Australia to block Chinese $9 billion energy takeover bid

The Australian government on Wednesday warned it intends to block a Hong Kong and Chinese consortium's 13 billion Australian dollar ($9 billion) takeover bid for an energy infrastructure company because it conflicts with Australia's national interest.

The CK Consortium needed approval of Australia's Foreign Investment Review Board to take over APA Group, which owns more than 43,700 kilometers (27,100 miles) of gas pipeline in Australia.

Treasurer Josh Frydenberg said he had told the consortium on Wednesday of his preliminary view that the takeover was not in Australia's interests. In practice, the decision to block the sale is final.

"I have formed this view on the grounds that it would result in an undue concentration of foreign ownership by a single company group in our most significant gas transmission business," Frydenberg said in a statement.

The Foreign Investment Review Board was unable to reach a unanimous recommendation, expressing concerns about the national interest implications of such a dominant foreign player in the gas and electricity sectors over the longer term, Frydenberg said.

Peter Jennings, executive director of the government-established Australian Strategic Policy Institute think tank, had been advocating for weeks for the government to veto the sale on national security grounds.

"My sense is that if the FIRB and the treasurer are taking national security considerations seriously into account, they should say 'no' to this particular proposed takeover," Jennings said in September.

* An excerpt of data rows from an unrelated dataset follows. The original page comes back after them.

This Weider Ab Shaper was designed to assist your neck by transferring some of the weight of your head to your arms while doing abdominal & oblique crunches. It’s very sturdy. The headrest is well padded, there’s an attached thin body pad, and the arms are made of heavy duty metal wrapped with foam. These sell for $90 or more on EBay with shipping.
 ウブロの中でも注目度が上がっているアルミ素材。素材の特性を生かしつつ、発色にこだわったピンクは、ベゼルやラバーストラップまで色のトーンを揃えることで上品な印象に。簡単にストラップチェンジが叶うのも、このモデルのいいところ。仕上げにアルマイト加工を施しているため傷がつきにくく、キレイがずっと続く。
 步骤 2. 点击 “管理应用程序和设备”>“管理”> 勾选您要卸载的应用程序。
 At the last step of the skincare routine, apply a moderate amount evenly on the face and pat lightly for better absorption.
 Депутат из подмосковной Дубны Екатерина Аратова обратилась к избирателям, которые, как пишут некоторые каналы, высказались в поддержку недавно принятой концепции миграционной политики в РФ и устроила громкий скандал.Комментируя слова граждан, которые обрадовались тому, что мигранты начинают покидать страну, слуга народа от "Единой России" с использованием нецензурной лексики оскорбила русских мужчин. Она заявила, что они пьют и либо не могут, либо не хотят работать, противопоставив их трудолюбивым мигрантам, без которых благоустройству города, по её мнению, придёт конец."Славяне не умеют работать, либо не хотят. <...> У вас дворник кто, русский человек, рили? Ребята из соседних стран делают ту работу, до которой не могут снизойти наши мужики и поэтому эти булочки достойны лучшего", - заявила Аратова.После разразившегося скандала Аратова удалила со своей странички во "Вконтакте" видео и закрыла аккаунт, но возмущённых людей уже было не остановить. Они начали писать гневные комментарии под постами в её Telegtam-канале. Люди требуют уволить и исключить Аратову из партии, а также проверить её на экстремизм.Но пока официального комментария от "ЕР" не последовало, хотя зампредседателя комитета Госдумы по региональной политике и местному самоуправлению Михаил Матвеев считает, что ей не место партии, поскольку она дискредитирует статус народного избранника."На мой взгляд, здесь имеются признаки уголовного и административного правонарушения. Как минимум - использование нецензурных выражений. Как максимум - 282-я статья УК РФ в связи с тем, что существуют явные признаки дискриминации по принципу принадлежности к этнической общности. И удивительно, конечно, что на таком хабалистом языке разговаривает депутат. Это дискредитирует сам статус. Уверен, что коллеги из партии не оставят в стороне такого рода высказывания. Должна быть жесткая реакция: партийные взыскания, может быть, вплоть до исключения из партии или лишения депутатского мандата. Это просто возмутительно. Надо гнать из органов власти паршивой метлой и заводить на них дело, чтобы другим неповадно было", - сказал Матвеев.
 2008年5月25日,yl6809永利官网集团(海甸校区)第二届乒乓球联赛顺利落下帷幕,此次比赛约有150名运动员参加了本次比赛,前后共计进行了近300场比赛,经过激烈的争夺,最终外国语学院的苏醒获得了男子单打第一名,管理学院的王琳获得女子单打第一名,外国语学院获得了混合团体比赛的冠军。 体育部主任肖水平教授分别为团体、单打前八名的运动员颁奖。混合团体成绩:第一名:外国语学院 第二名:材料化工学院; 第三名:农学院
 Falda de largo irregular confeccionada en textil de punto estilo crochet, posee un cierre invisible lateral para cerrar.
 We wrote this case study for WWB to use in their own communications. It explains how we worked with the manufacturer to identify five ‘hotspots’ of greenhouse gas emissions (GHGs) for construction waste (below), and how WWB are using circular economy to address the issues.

The consortium is led by Hong Kong-registered Cheung Kong Infrastructure Group, better known as CKI. CKI and Chinese state-owned State Grid Corp. were in 2016 blocked on classified national security grounds from leasing for 99 years a 50.4 percent stake in Ausgrid, a Sydney electricity grid, for more than AU$10 billion.

That decision was made by Prime Minister Scott Morrison when he was treasurer.

While reasons were not detailed, there was speculation that the consortium was blocked because Ausgrid included an electricity node that was connected to the secretive joint U.S.-Australian intelligence facility at Pine Gap in central Australia.

Jennings said the finding that the sale of APA to Chinese interests was not in Australians' interest was a "no-brainer."

"If the takeover proceeded, we'd have about 70 percent or more of electricity and gas infrastructure would be owned by either CKI, a Hong Kong company, or State Grid, a Chinese state-owned entity," Jennings said.

"I just think that's a risk that no country would really find acceptable," he added.

In 2016, China's state-run Xinhua News Agency criticized Australia for rejecting the Ausgrid bid along with Britain's recent move to delay a decision on a new nuclear power plant backed by Chinese investment. The agency said that although China's "dramatic development, huge population and unique culture" may cause concern for some countries, it could also result in "China-phobia."

The Chinese Embassy noted this was the second time in 2016 that the government has decided not to back applications by Chinese bidders to invest in Australia.

Morrison had earlier blocked a Chinese-led consortium Dakang Australia Holdings from buying an 80 percent stake in Australia's largest private landholding, S. Kidman & Co. Ltd.

The embassy said the two decisions showed "a clear protectionist tendency and would have serious impact on the enthusiasm of Chinese firms which want to come and invest in Australia."

The embassy did not immediately respond on Wednesday for a request for comment on the government's latest decision.

In 2015, President Barack Obama raised questions with then Prime Minister Malcolm Turnbull after Australia allowed a Chinese company, Landbridge, to secure a 99-year lease over the strategically important Port of Darwin, which has become a U.S. Marines training hub in northern Australia. Turnbull said Australian defense and security officials determined the AU$506 million deal did not threaten national interests.

The Australian Competition and Consumer Commission, that fair trade watchdog, approved the APA deal in September on condition that the consortium reduced its gas market dominance in Western Australian state by selling some of its pipelines there. The bid was made in June.